Certified Copy
Copie conforme
Abbas Kiarostami (2010)
Juliette Binoche is a beautiful woman and a fine actress but her face on the poster for Certified Copy is hugely irritating. It’s a still from the film: the Binoche character is looking in a mirror, trying on an earring. The effect is reinforced by the poster’s roguish subtitle ‘An original love story?’ The question mark rhymes with the pixie allure of Binoche’s face: who is this woman preparing to be? I saw Certified Copy at the Richmond Filmhouse on a sunny Sunday afternoon and got bored enough to count the audience – a total of eighteen people, until the couple in front of me walked out about twenty minutes before the end. Perhaps the lovely weather reduced the turnout but I like to think even Richmond may have had a surfeit of French movies this year. (There was a refreshing absence of French fare from the trailers, which included three films.) Certified Copy is actually multilingual – English and French in more or less equal measure and some bits of Italian (the story is set in Tuscany) – but that’s almost beside the point. The film’s cultural cachet for its putative British audience is grade A Continental (French).
The film is significant because it’s the first made in Europe by the Iranian Abbas Kiarostami, none of whose work I’ve so far seen. Certified Copy is a virtual two-hander for Binoche and William Shimell, a British opera singer in his first cinema role. It’s another irritation – not least because, given the movie’s themes, it’s predictable – that the woman played by Binoche doesn’t have a name. The man does: he’s James Miller, a British art historian, in Italy to promote his prize-winning book, which is called ‘Certified Copy’. The premise of the book is that a reproduction may have a value equal to that of the original – that our belief it can’t is based on false ideas about authenticity. We first see Binoche in the audience at Miller’s book launch. She then gives him a tour of the area; after a drive, they go for a coffee and the woman who serves them assumes they’re married. From this point on, the relationship between Binoche and Shimell becomes emotionally more weighted. Are they engaged in some kind of role play as a means of reviewing the marriages they actually have? Are they really a married couple – and pretending not to be by way of therapy for their own failing relationship? Whatever the answer, the purposes of the ambiguity appear to be to create a correspondence with the themes of authenticity and imitation in Miller’s book, and to remind us in the audience of the assumptions we make in seeing a man and a woman together. There’s a moment late on in the film when Binoche and Shimell see an elderly Italian couple, the man holding the woman’s arm, and suppose they’re husband and wife. By this point, we’re primed to wonder: how do they know the old people aren’t, say, brother and sister?

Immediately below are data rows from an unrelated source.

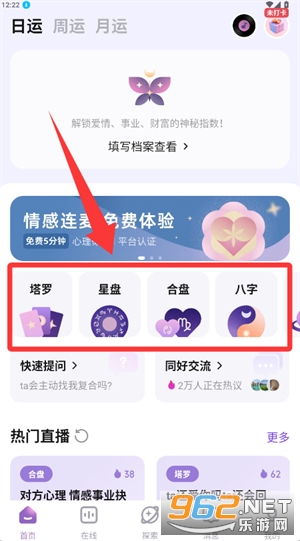 2、进入首页选择塔罗或星盘等功能板块,进入相应页面。
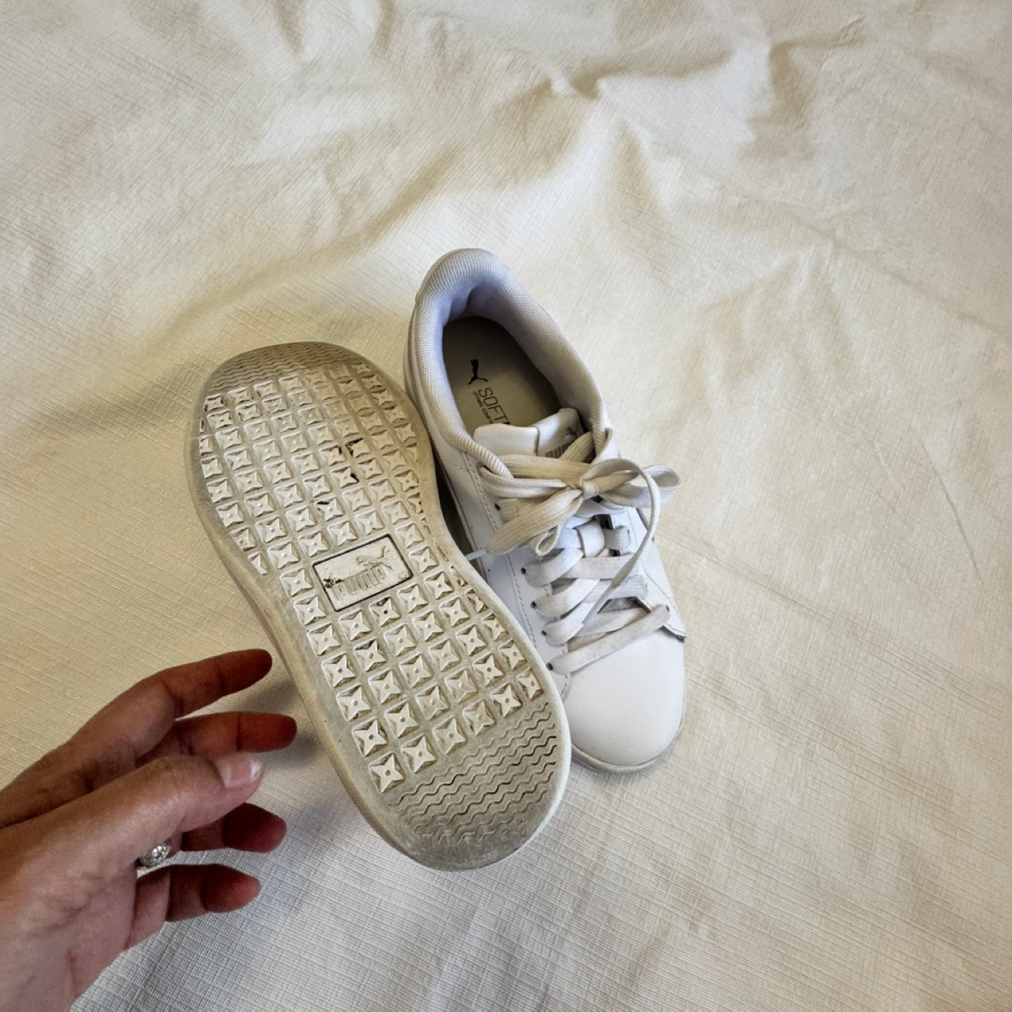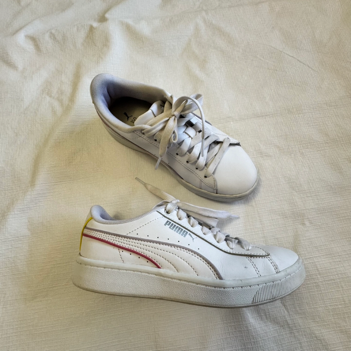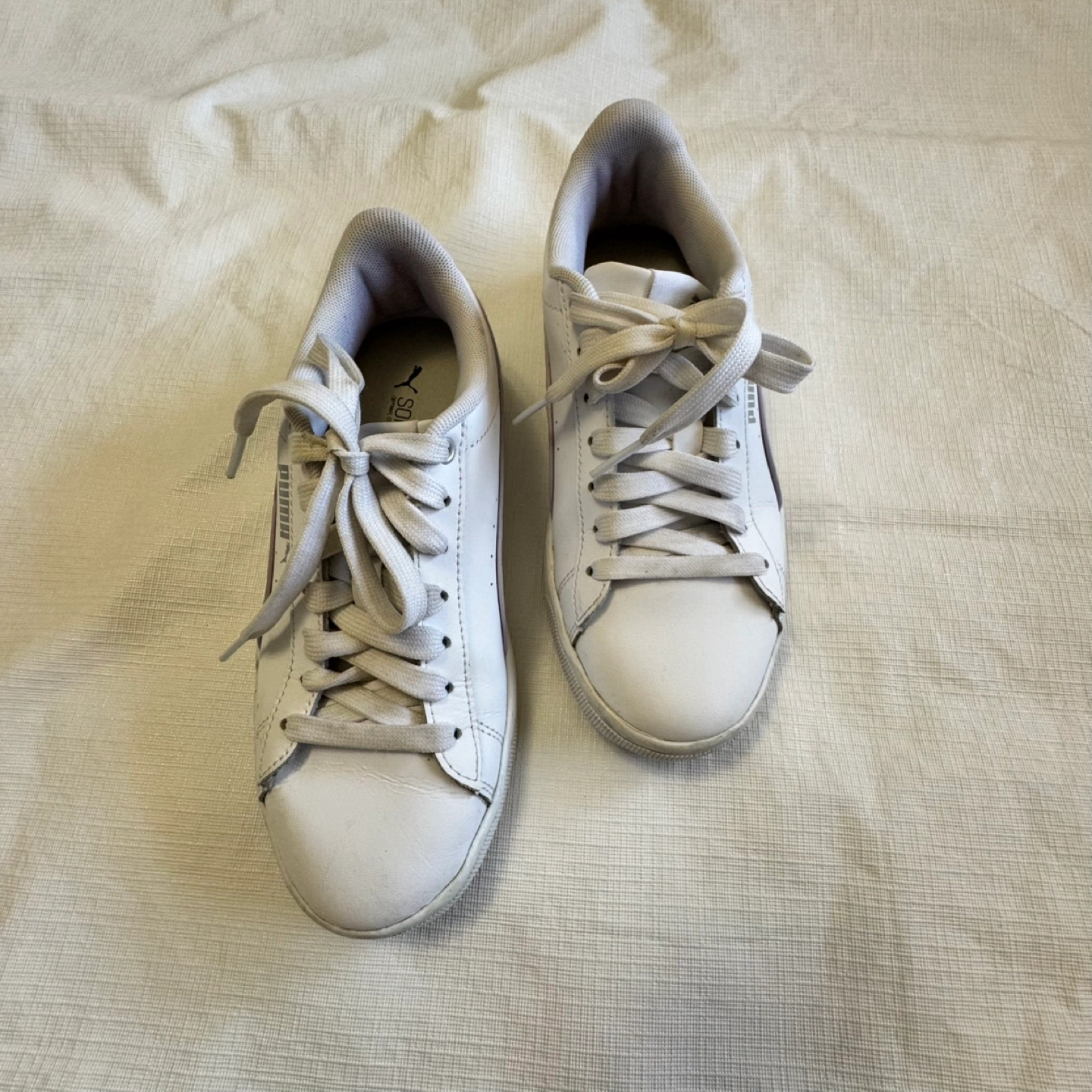 18Pre-owned Puma sneakers. White leather upper. Size 5. Minor wear and tear. Lace-up closure. Comfortable and stylish.
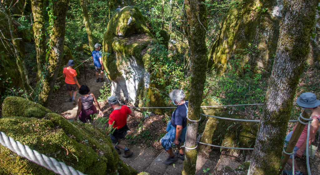 Retour au lieu-dit Escabasse par un sentier de découverte pour la pause déjeuner à l'ombre.
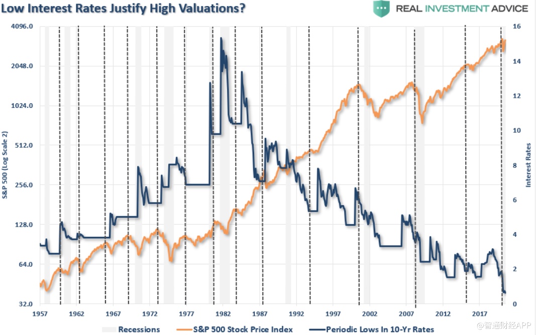 智通财经APP获悉,有投资者认为,低利率证明了高估值是合理的,但Realinvestmentadvice分析师Lance Roberts表示,这只是投资者在牛市后期为高价买单找的借口而已。
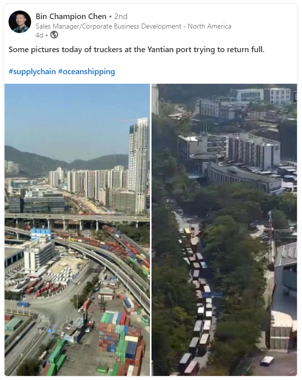 Congestion is also an issue at some ports in Asia. LinkedIn User Bin Champion Chen shared the below images of truckers trying return full to the Yantian port.
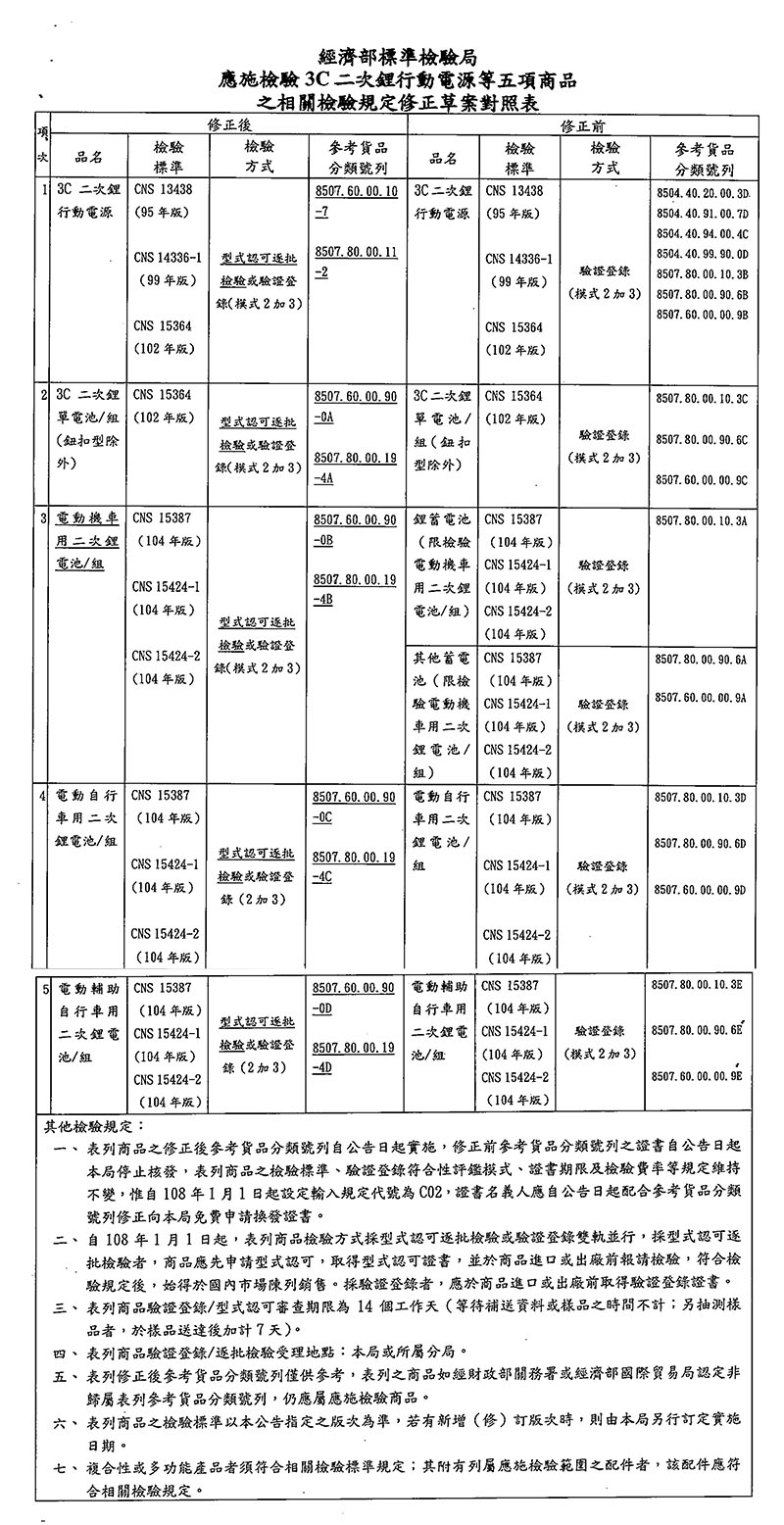 近日臺灣臺灣經濟部標準檢驗局,即BSMI,公告修改3C二次鋰電池與行動電源相對應之貨品分類號列 (C.C.C. Code),并改列為邊境管制商品,自2019年1月1日起實施。修正前參考貨品分類號列之證書將自公告日起停止核發,過去已核發的BSMI認證證書必須自公告日起依修正后參考貨品分類號列申請換發證書。

Certified Copy is made by an international auteur, moves with remarkable fluency and raises intellectual points saliently. The combination will be more than enough to satisfy many people that it’s a work of art. Yet I found the film uninteresting – the questions about authenticity don’t progress beyond Miller’s opening statement of them as themes in his book. This is because the interaction of the two principals is inextricably schematic and has no life of its own. Kiarostami develops ideas through his characters only by having the characters talk about the ideas. This goes for much of the conversation between Binoche and Shimell, at least in the early stages of their time together, and the few minor characters who get to speak start philosophising as soon as they open their mouths: an elderly man (the celebrated screenwriter Jean-Claude Carrière) with whom Binoche and Shimell chat in a village square; the patronne in the café (well played by Gianna Giachetti). An uncomfortable, perhaps not inadvertent illustration of the film’s fake vs genuine article thesis is the pairing of Shimell and Binoche. Kiarostami may be highly experienced in working with non-professionals but why cast an opera singer in the role of James Miller? Shimell isn’t bad – or not bad in the way you might expect an operatic actor to be bad – but he looks very stiff alongside a screen performer as fluid as Juliette Binoche. Sally saw an interview with Binoche about the film in which the actress said she hoped audiences wouldn’t think she was anything like the character she was playing. There’s no danger of that because she doesn’t create a character at all – nor, as far as I can see, is she expected to. Binoche is meant to be continuously beguiling and make the woman she’s playing hard to pin down, and she has the resources to do this. She’s never less than highly watchable, shifting moods as easily as she switches languages. But once you get the sense that her job in this film is to fascinate, the fascination wears off.